Analysts say consumers won't get hit with rising gas prices by fully lifting the ban.

"Probably the consumer will not be affected much by it, but the refiners -- their margins will be dented by this, so they are rightly worried about it," Eugen Weinberg, head of commodities research at Commerzbank AG, said in an interview.

Weinberg said in his research note last week that the average U.S. gasoline price has been slightly above European prices for the past few years, which means that the domestic price of crude oil doesn't affect the price of U.S. refined products. It will be the refiners, who directly purchase heavy crude, that will see their margins shrink, and explains why they've been vocal opponents of lifting the ban.

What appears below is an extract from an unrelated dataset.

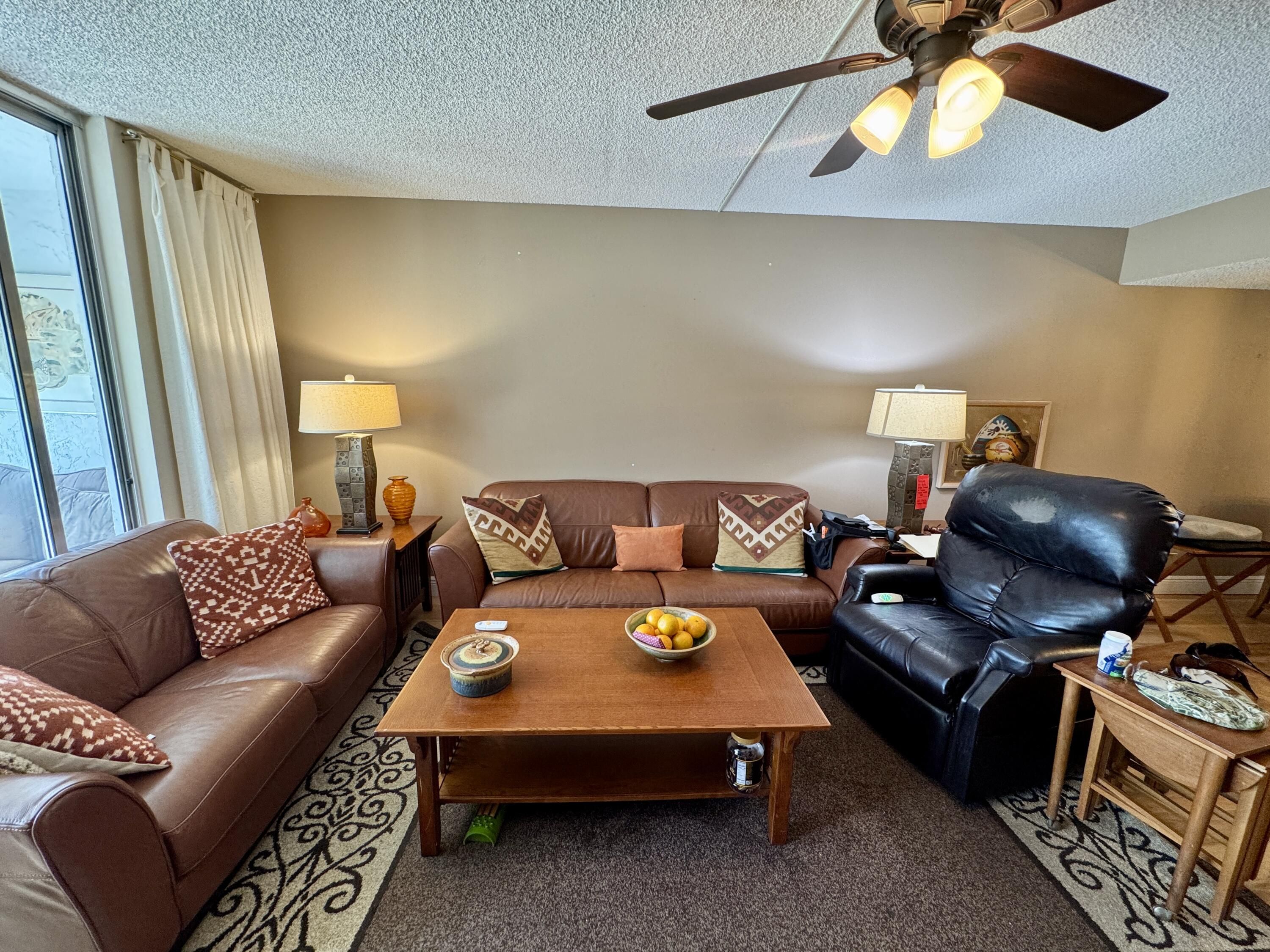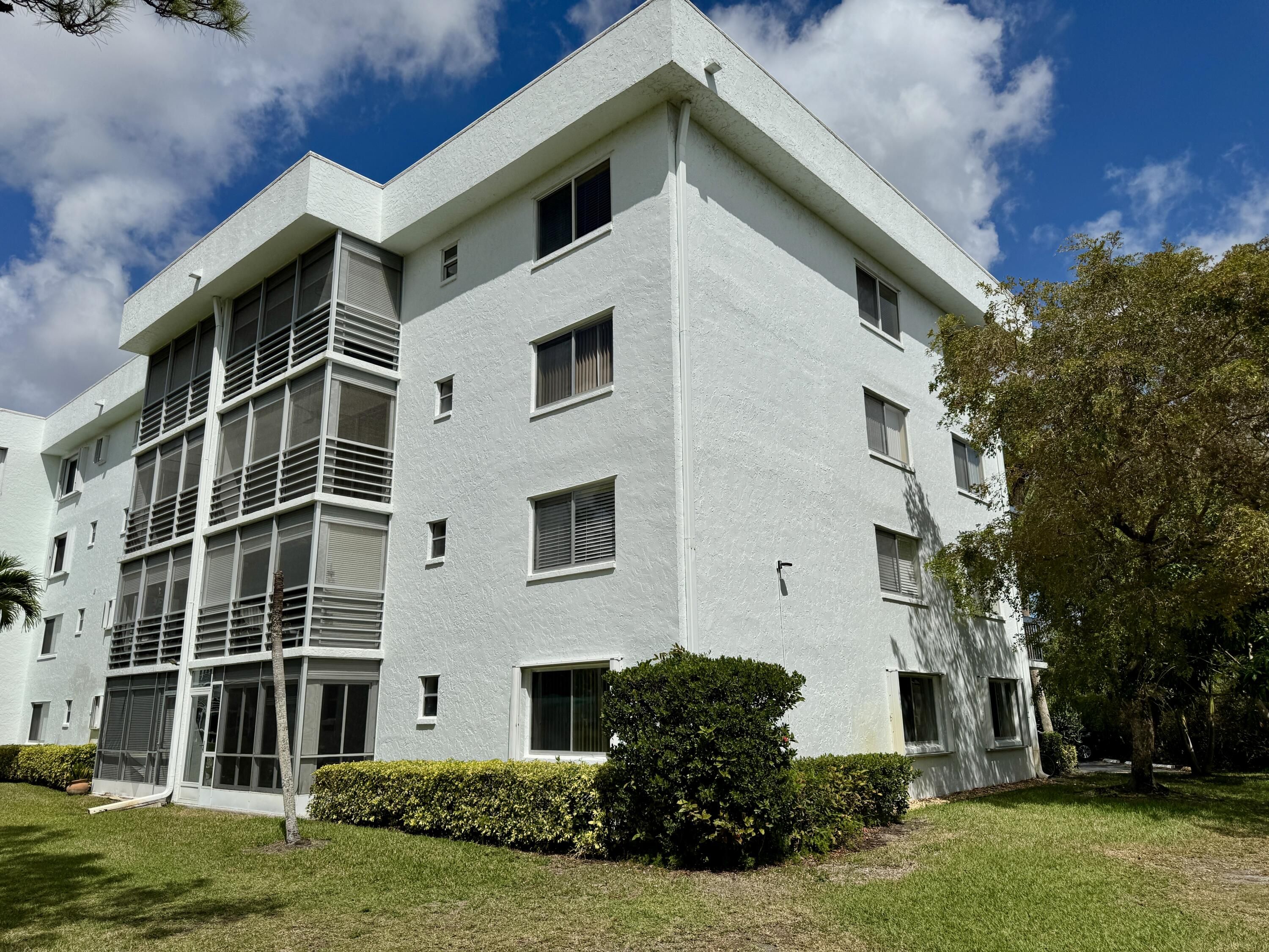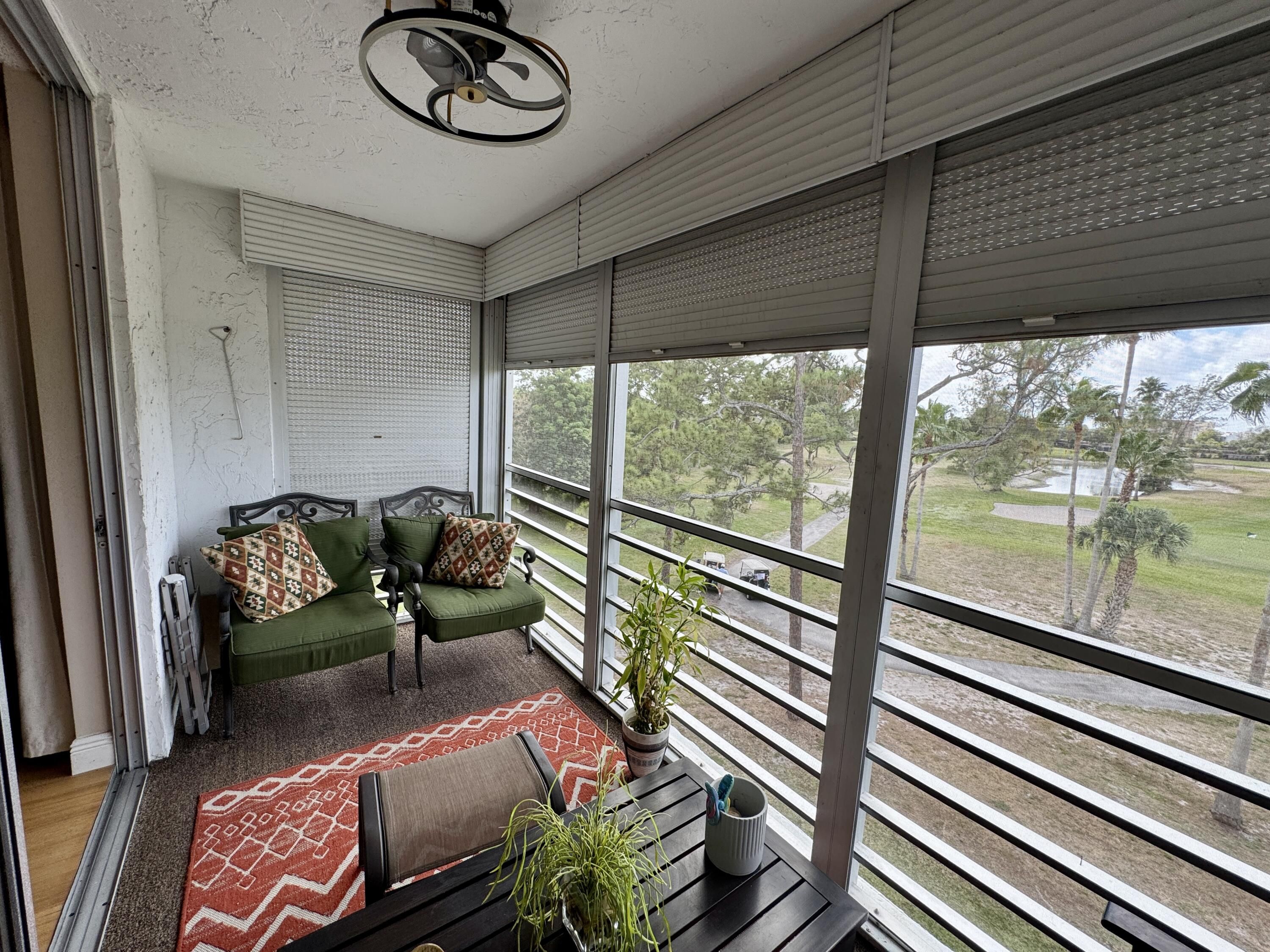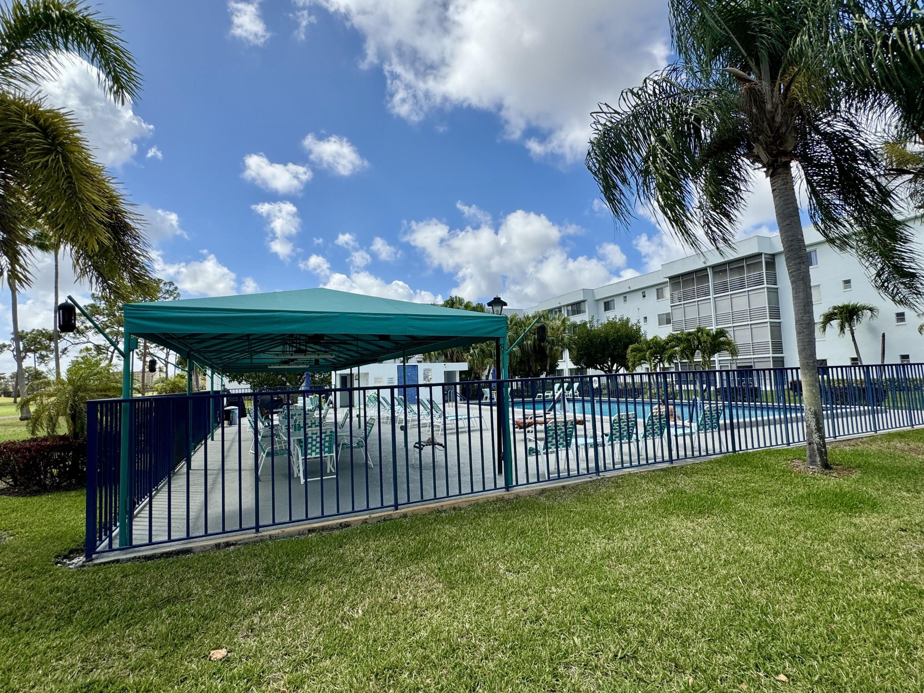Rare 4th-top floor, corner condo with beautiful golf course views.This spacious 3-bedroom, 2-bath unit offers over 1,505 sq ft of bright, airy living space with abundant natural light and a screened patio perfect for relaxing or entertaining.The whole units has wood floors,and light color walls.the kitchen with granite counters,and SS appliances.Large primary suite featuring a walk-in closet and modern bath.Two more bedrooms one with a custom made wall unit and a Murphy bed. Very active 55+community,Pay as you play Golf course,Residents enjoy resort-style amenities, including a clubhouse, Bistro,2 pools, fitness center, and social activities. New roof 2024,accordion shutters.Maintenance fee includes water, cable, building insurance, exterior maintenance,elevator,pest control,reserves. Second bedroom could be used as a comfortable guest or office space. Screened patio perfect spot for morning coffee or evening breezes overlooking the greens of the golf course. Ideally located near shopping, restaurants, medical facilities,very close to Floridas great beaches and major roadways, this condo combines comfort, convenience, and an active lifestyle in South Florida. All appliances recently replaced .

Supporters of killing the ban in Washington include members of Congress who hail from oil producing districts and states. Lifting the oil ban, they argue, will give U.S. companies broader demand for their oil and oil products. This, their reasoning suggests, would summon more buyers. Buyers driving more demand would require more production, which would add more jobs in the states.

Yet, House Republican leadership -- known for saying it has better ideas than the White House to add jobs to the U.S. economy -- has remained quiet on the issue, said Eurasia Group energy analyst Greg Priddy. Should the GOP outwardly support lifting the ban, and gas prices rise for some unrelated reason, Democratic opponents could frame the message that the end of the ban boosted gas prices and hurt Americans.

And as much as Congress doesn't want to touch the issue, President Obama likely won't think twice about taking a stand.

"What they're probably going to do is undertake a series of actions that will let off steam as needed under existing regulatory authority over the next couple of years, running out the clock through the end of their administration," Eurasia Group's Priddy said in an interview.

While it doesn't look like the export ban will disappear anytime soon, investors looking to make a play on these developments may want to keep tabs on companies applying for export exemptions.